Тео смотрит на часы. Время уже истекло. Он думает о своем незаконченном докладе, но и о том, что давно уже не слышал такой горячей дискуссии. Он удивлен и пристыжен. Каждый день общается со студентами и не знает, что их волнует. И он радуется, что именно у него они заговорили. Что бы они сказали о книге Пауля? Может быть: неплохо, но это мы знали давно! Если наша литература часто наводит скуку, то не потому, что ей не хватает художественных средств, а потому, что за действительно актуальные темы она не берется. Искусно пережевывает знакомое. Она не задевает за живое, не волнует, исследуя давно исследованное. Не хватает ей не мастеров, а первооткрывателей.

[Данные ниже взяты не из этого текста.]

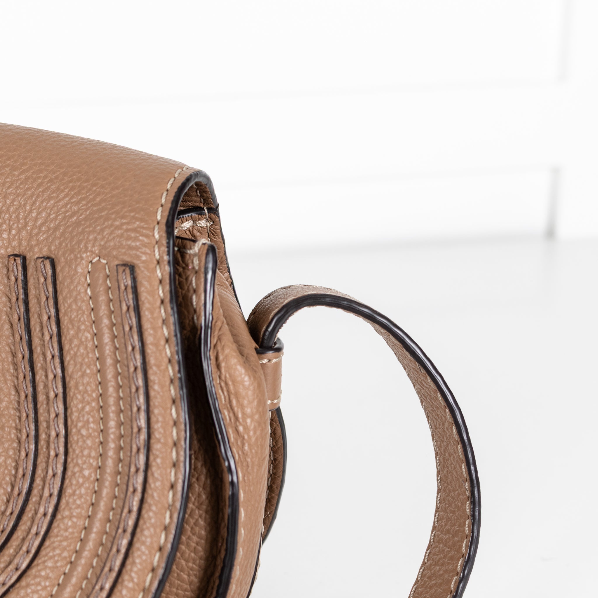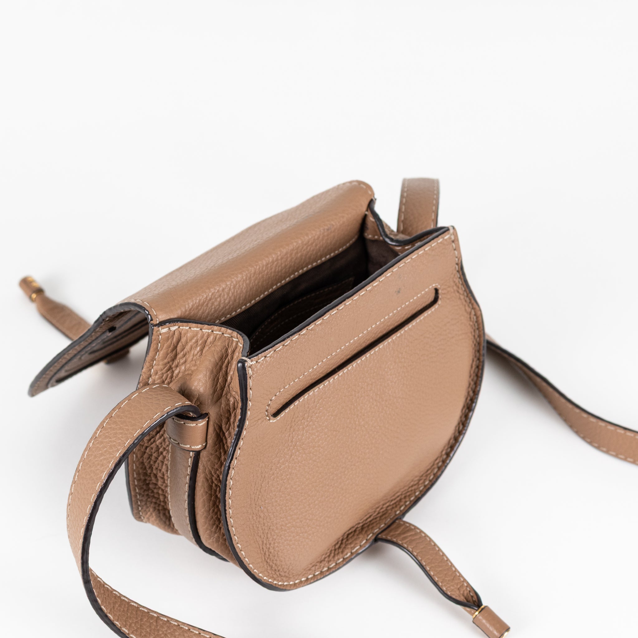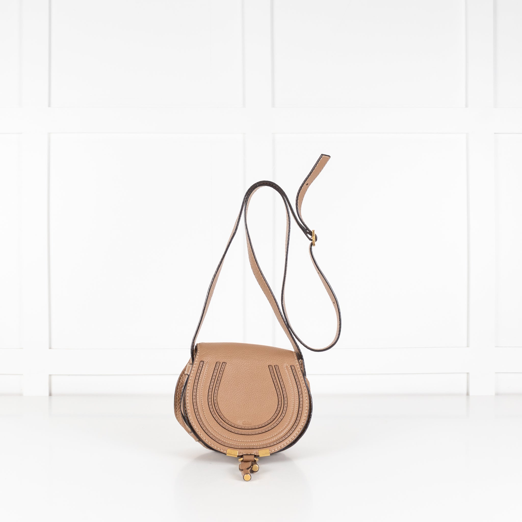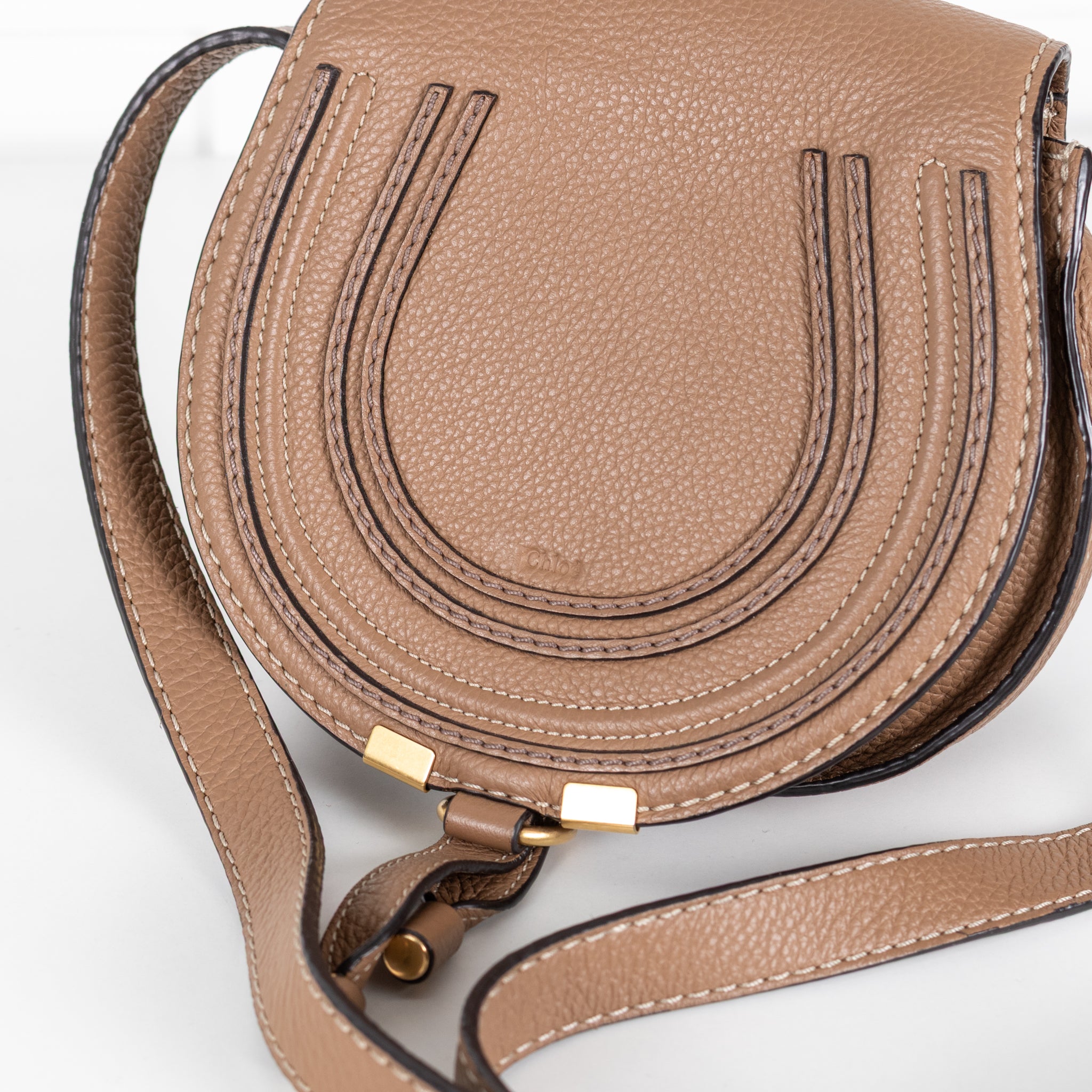 Chloe beige mini marcie logo embossed small saddle crossbody with black leather trims, matte gold-tone hardware, a front flap, and an adjustable crossbody.
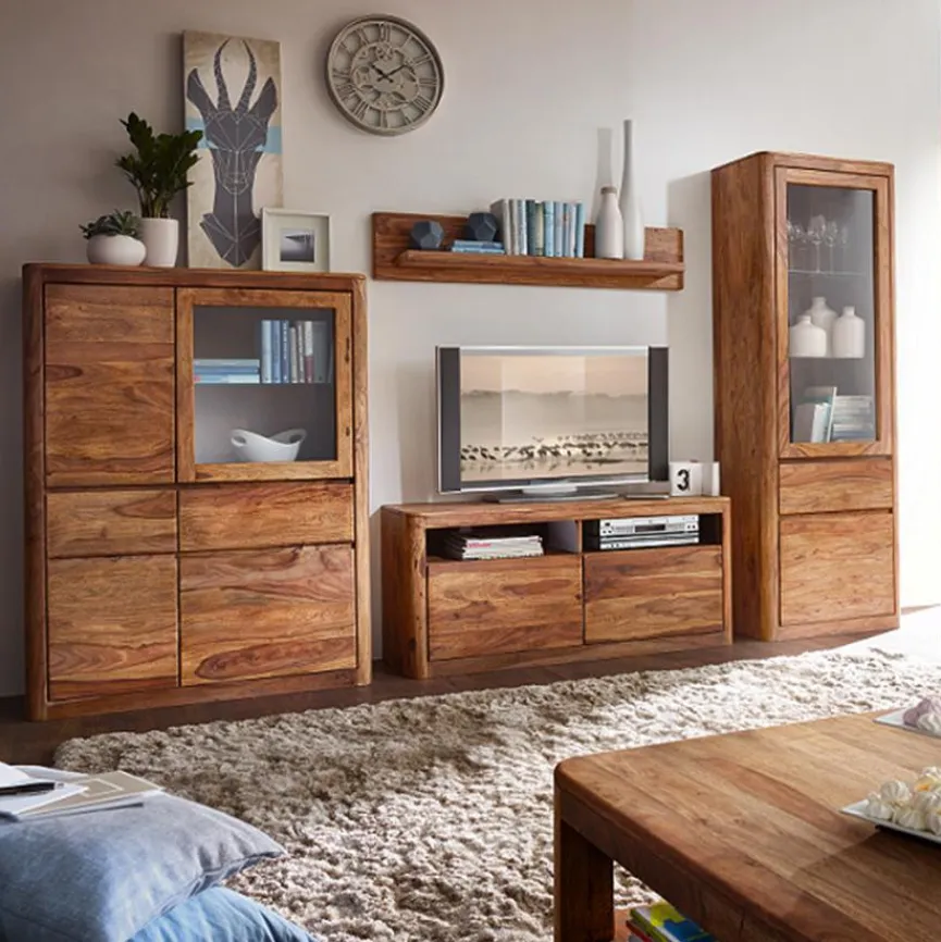 - Aus massivem und gebeiztem Sheesham mit Klarglas
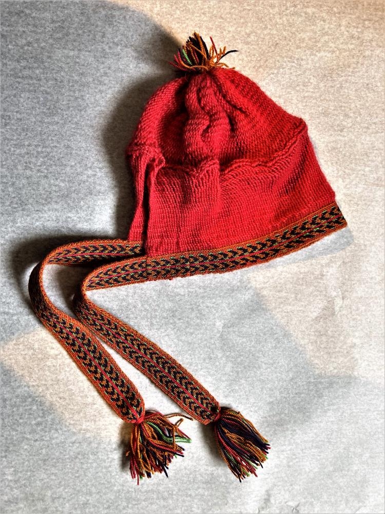Húfa, líklega gerð eftir aðferðum egypta af Ninnu Rathje. Er rauð með marglitum spjaldofnum böndum á köntum og dúsk á toppi
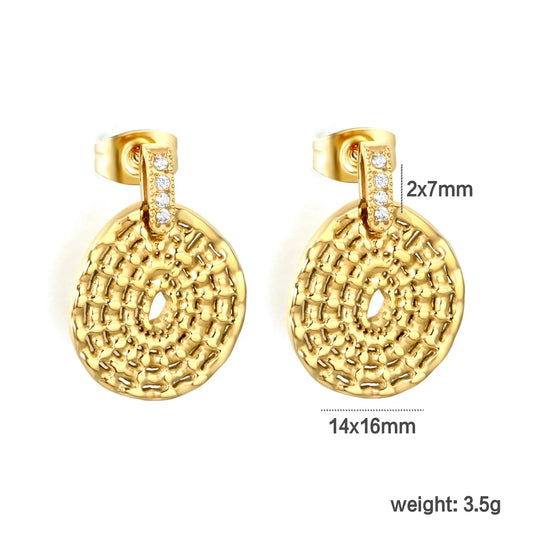 Wholesale Stainless Steel Hammered Disk Earrings | Gold PVD Bulk
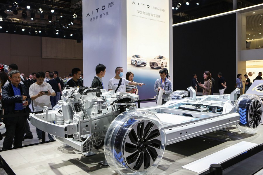 An intelligent extended driving range 4MATIC platform of Aito M5 is displayed at the 20th Shanghai International Automobile Industry Exhibition in east China's Shanghai, April 18, 2023. (Xinhua/Xin Mengchen)

Когда он говорит студентам, что занятие окончено и каждый волен уйти или остаться, никто не уходит. Лишь в двенадцать он попадает в свою рабочую комнату, которую делит с тремя другими, более молодыми ассистентами, и не может сразу сосредоточиться на своей речи. Надо записать вопросы, на которых придется еще раз остановиться на следующих семинарах, наметить темы для дискуссий с коллегами. Например: кому мы ставим высший балл — тем, кто повторяет чужие слова, или тем, кто самостоятельно думает, равнодушным или откровенным, прилежным или творчески мыслящим?
А кто получает премии?
Тео не судит несправедливо или легкомысленно. Он заглянул в справочник, составил списки лауреатов, но ни к какому заключению не пришел. Существует так много литературных премий, что со временем каждый может быть награжден. И всегда держат хвалебные речи, и ни один оратор не изводит себя, как он.
Белая веленевая бумага, которой Тео пользуется и для черновиков и заметок, опять исписывается четким почерком прусского писаря. Для собственных нужд д-р Овербек все еще пользуется прямым шрифтом графика Людвига Зюттерлина, черными чернилами и острым пером. Любому другому человеку было бы трудно выбросить в корзину столь аккуратно исписанный лист.
«Позвольте мне, уважаемые дамы и господа, — пишет он, — и прежде всего ты, дорогой Пауль, позволь мне начать свое выступление с цитаты, которая, правда, никогда не была зафиксирована письменно, а сохранилась только в моей памяти. Она гласит: «Будь авторы людьми честными, их герои должны были бы именоваться не Шельмуфский, Гулливер или Шлемиль, а Рейтер, Свифт и Шамиссо!..» — и указывает на личный опыт как на субъективную основу литературного творчества, хотя, впрочем, в данном случае... Дорогой Пауль Шустер, уважаемые присутствующие! Почти два десятилетия тому назад была сказана фраза, которая мне и сегодня... Почти два десятилетия тому назад, уважаемые дамы и господа... О личном опыте как основе писательского творчества, дорогие товарищи и друзья, уже... Не должны ли, в сущности, все литературные персонажи носить фамилии или по крайней мере имена своих авторов? Такой вопрос, дорогие друзья, задал семнадцать лет тому назад... Семнадцать, а то и больше лет минуло с тех пор, как один молодой автор...»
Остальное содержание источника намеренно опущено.